2. The preparation method according to claim 1, wherein the copper salt in the copper salt aqueous solution is copper acetate or copper chloride, and the copper ion concentration in the copper salt aqueous solution is 40g/L to 70g/L;

the dispersing agent is one or more of cetyl trimethyl ammonium bromide, polyethylene glycol, polyvinyl alcohol, polyvinylpyrrolidone and sodium dodecyl benzene sulfonate, and the mass fraction of the dispersing agent is 1-5%;

the weak base in the weak base aqueous solution is sodium carbonate or ammonium bicarbonate, and the concentration of the alkali in the weak base aqueous solution is 50g/L to 100g/L.

3. The method of preparing according to claim 1, wherein converting the aqueous copper salt solution into a copper salt aerosol comprises:

converting the copper salt aqueous solution into a copper salt aerosol using an atomizing device;

Wherein the liquid inlet amount of the copper salt aqueous solution in the atomizing equipment is set to be 110mL/h to 350mL/h, and the air flow of the atomizing equipment is set to be 5L/min to 20L/min.

4. The method of preparation according to claim 1, characterized in that the suspension of copper-containing compound is subjected to a homogeneous hydrothermal reaction to obtain a copper precursor suspension comprising:

and (3) placing the suspension containing the copper compound into a reaction kettle for sealing, and performing homogeneous hydrothermal reaction at the temperature of 60-100 ℃ for 4-10 hours to obtain a copper precursor suspension.

5. The method according to claim 1, wherein the copper precursor suspension is subjected to solid-liquid separation and the obtained solid matter is subjected to drying treatment to obtain spherical copper oxide powder, comprising:

Carrying out solid-liquid separation on the copper precursor suspension by adopting a suction filtration or centrifugation mode;

and drying the obtained solid substance by adopting a vacuum drying or freeze drying mode to obtain spherical copper oxide powder.
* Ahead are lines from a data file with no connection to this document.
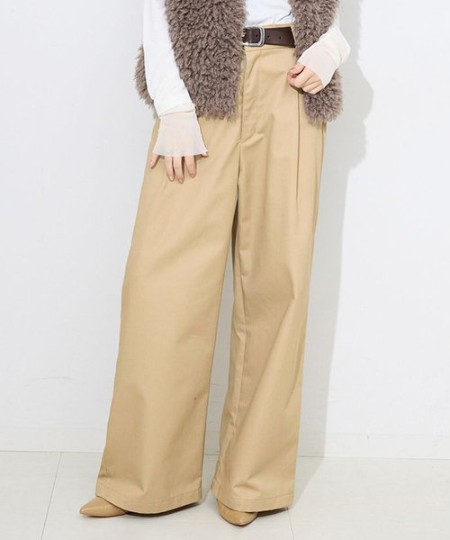 洗濯機使用可能/36.38.40サイズ展開/ポケット付き/リピートアイテム【2025AW】SLOBE IENA大好評につき《ベージュ》の追加生産が決定しました!※旧品番25030912003010の追加商品です。POINT・一つ持っていると万能なチノパンツが登場!・ワイドシルエットで気負わないデイリースタイルにもおすすめです。【素材の特徴】程良く光沢感のあるゴワつきのない上品な厚手チノ素材を使用しました。ポリエステル混素材で耐久性が高く、シワになりにくい効果も期待できます。また、綿混で通気性があり快適な着心地も期待できます。【デザイン】フロントにタックが入ったワイドシルエットのチノパンツ。ウエストに少しカーブを付ける事で、ワイドなシルエットでありながらもスッキリとしたウエスト周りを実現。【コーディネート】トップスを選ばず着用いただけます。今期トレンドのショート丈のトップスにも相性の良いワイドシルエットのパンツです。**********************透け感:なし裏地:なし伸縮性:なし光沢感:なし生地の厚さ:普通**********************【スタッフ着用コメント】《スタッフ名:Yuka》年齢:20代後半/身長:172cm/体型:細身/普段サイズ:M~L/着用サイズ:38サイズ感:ワイドシルエットで足の形を拾わず着られます。足の甲につくくらいの長さ。太ももまわりにタックが入っているので、ぴたっとせず着やすいです。素材感:オールシーズン着れそうなチノ素材です。着心地:股上が深く、ゆるっとしていて足回りにゆとりがあるので歩きやすいです。**********************※取り扱いについては、商品についている品質表示でご確認ください。こちらの商品は、SLOBE IENAでの取り扱いになります。直接店舗へお問い合わせの際はSLOBE IENA店舗へお願い致します。※照明の関係により、実際よりも色味が違って見える場合があります。またパソコン・スマートフォンなどの環境により、若干製品と画像のカラーが異なる場合もございます。予めご了承ください。※商品の色味は、商品アップ画像をご参照ください。モデルサイズ:身長:163cm 着用サイズ:36本体:洗濯機洗い(弱)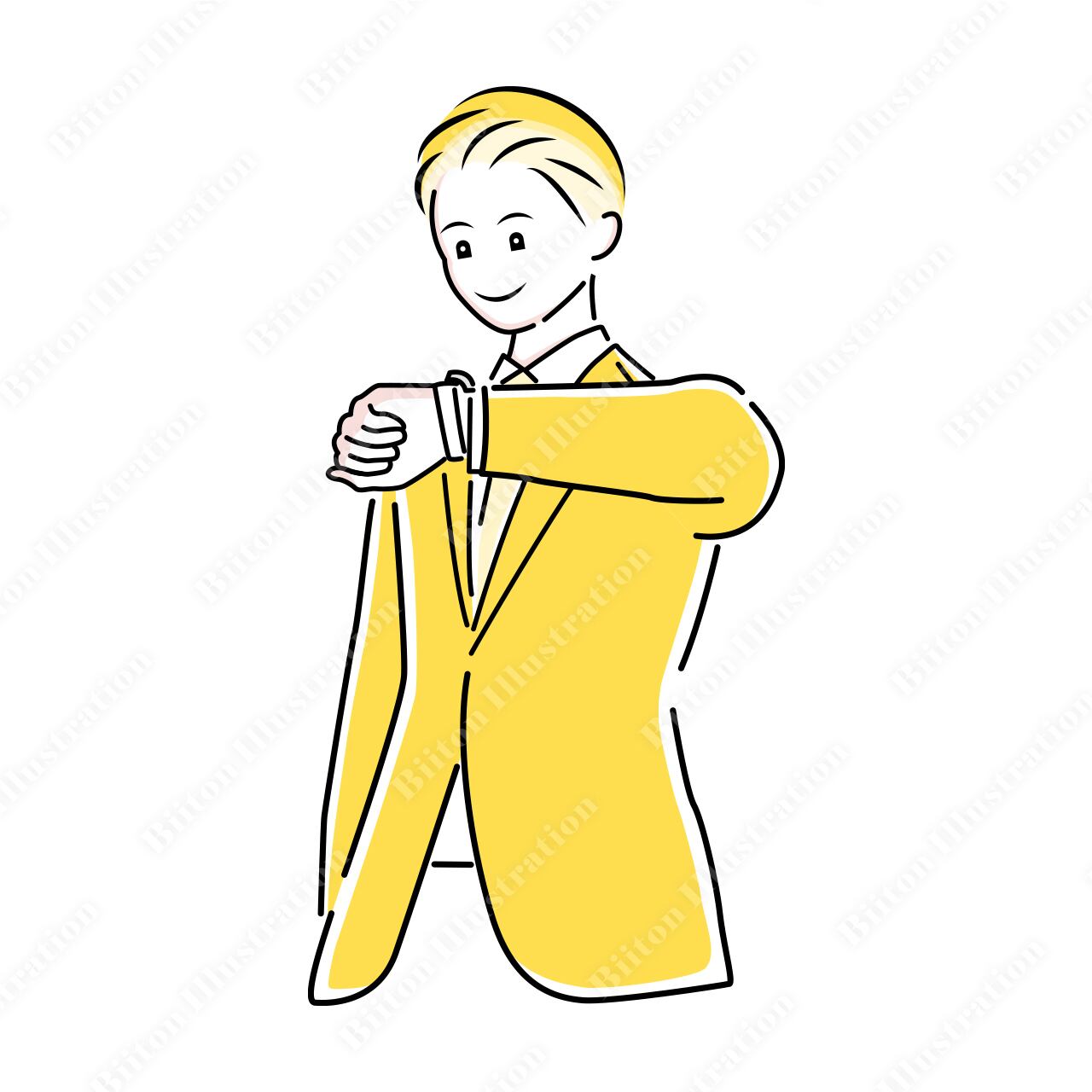 Adobe illustratorで描いた商用フリーのイラスト素材。腕時計を見て時間を気にするビジネスマンのイラストです。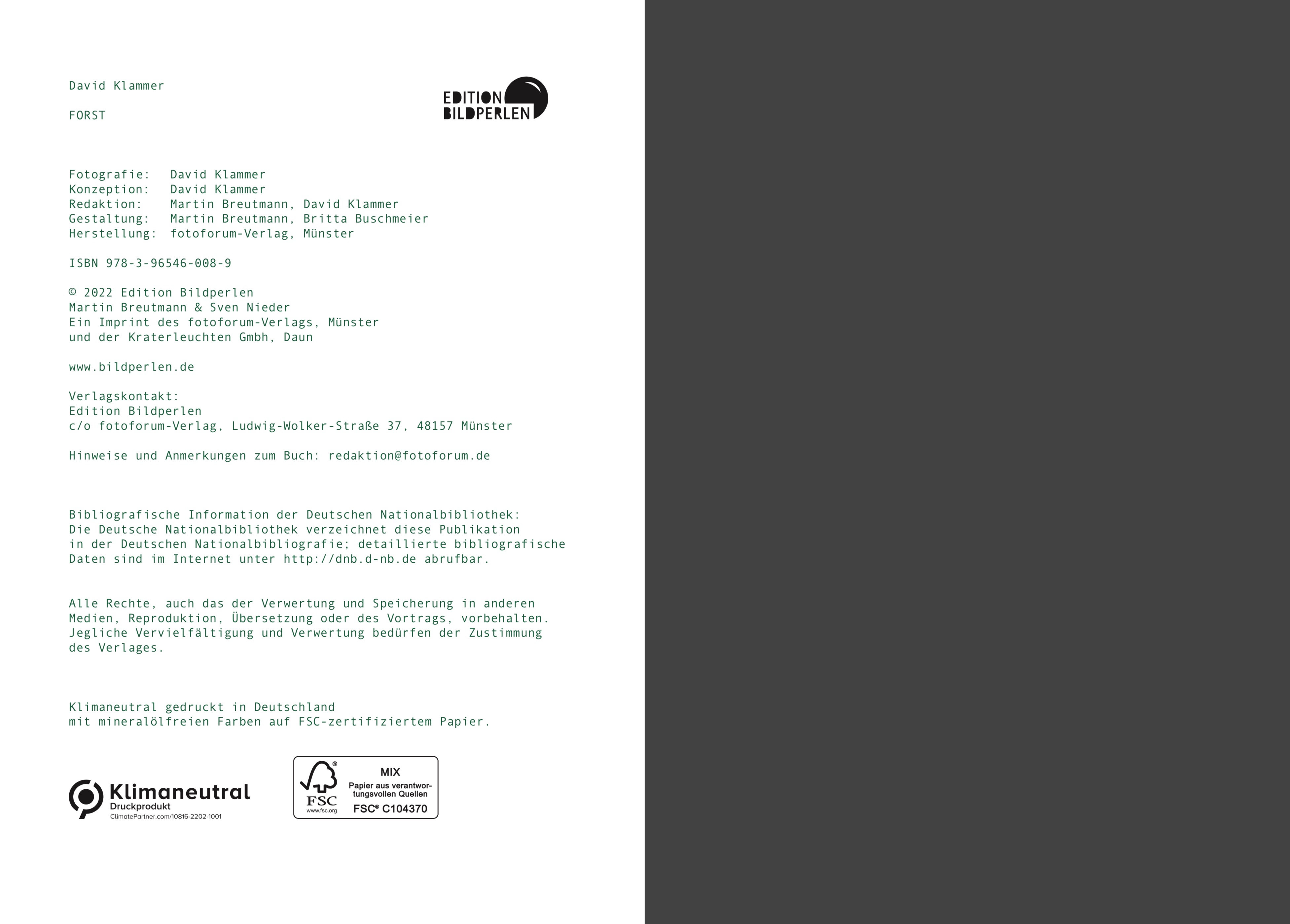 David Klammer, Jahrgang 1961, lebt mit seiner Familie in Köln. Der Fotojournalist ist Mitglied der Kölner Bild- und Reportageagentur laif. Seine Arbeiten wurden mehrfach international ausgezeichnet. So erhielt er 2019 für seine Serie „Kampf um den Forst“ den 1. Preis beim Deutschen Preis für politische Fotografie und Karikatur, 2012 belegte er den 1. Platz in der Kategorie „Reportage“ beim Deutschen Preis für Wissenschaftsfotografie und 2007 bekam er für seine Reportage über Fußballfans bei der WM 2006 den 3. Preis bei dem renommierten Wettbewerb World Press Photo. David Klammer publiziert in namhaften Magazinen, darunter STERN Magazin, GEO Magazin, DER SPIEGEL, DIE ZEIT, CAPITAL, TIME Magazine, Wirtschaftswoche, Mercedes Classic Magazin, Nissan Magazin, Lufthansa Exclusive und Chrismon. In der Edition Bildperlen ist von David Klammer bereits das Buch „Good Morning Auroville – Die utopische Stadt der Morgendämmerung“ erschienen. Es wurde beim Deutschen Fotobuchpreis ausgezeichnet und steht dort auf der Longlist.

6. The preparation method of the spherical copper oxide powder is characterized by comprising the following steps:

preparing a copper salt aqueous solution and a weak base aqueous solution, wherein the copper salt aqueous solution comprises a dispersing agent;

Converting the aqueous weak base solution into a weak base aerosol and adding the weak base aerosol to the aqueous copper salt solution to obtain a suspension of a copper-containing compound;

Performing a homogeneous hydrothermal reaction on the suspension of copper-containing compounds to obtain a copper precursor suspension;

And carrying out solid-liquid separation on the copper precursor suspension, and drying the obtained solid substance to obtain spherical copper oxide powder.

7. A method for preparing spherical copper powder, comprising the steps of:

preparing spherical copper oxide powder by the preparation method of the spherical copper oxide powder according to any one of claims 1 to 6;

And carrying out hydrogen reduction treatment on the spherical copper oxide powder to obtain spherical copper powder.

8. The method of producing a spherical copper powder according to claim 7, wherein the hydrogen reduction treatment is performed on the spherical copper oxide powder to obtain the spherical copper powder, comprising:

heating to 180-300 ℃ at the heating rate of 5-10 ℃ per minute, carrying out hydrogen reduction treatment on the spherical copper oxide powder, and preserving heat for 30-2 hours to obtain the spherical copper powder.

9. A spherical copper oxide powder prepared by the method of any one of claims 1 to 6.

10. A spherical copper powder prepared by the method of claim 7 or 8.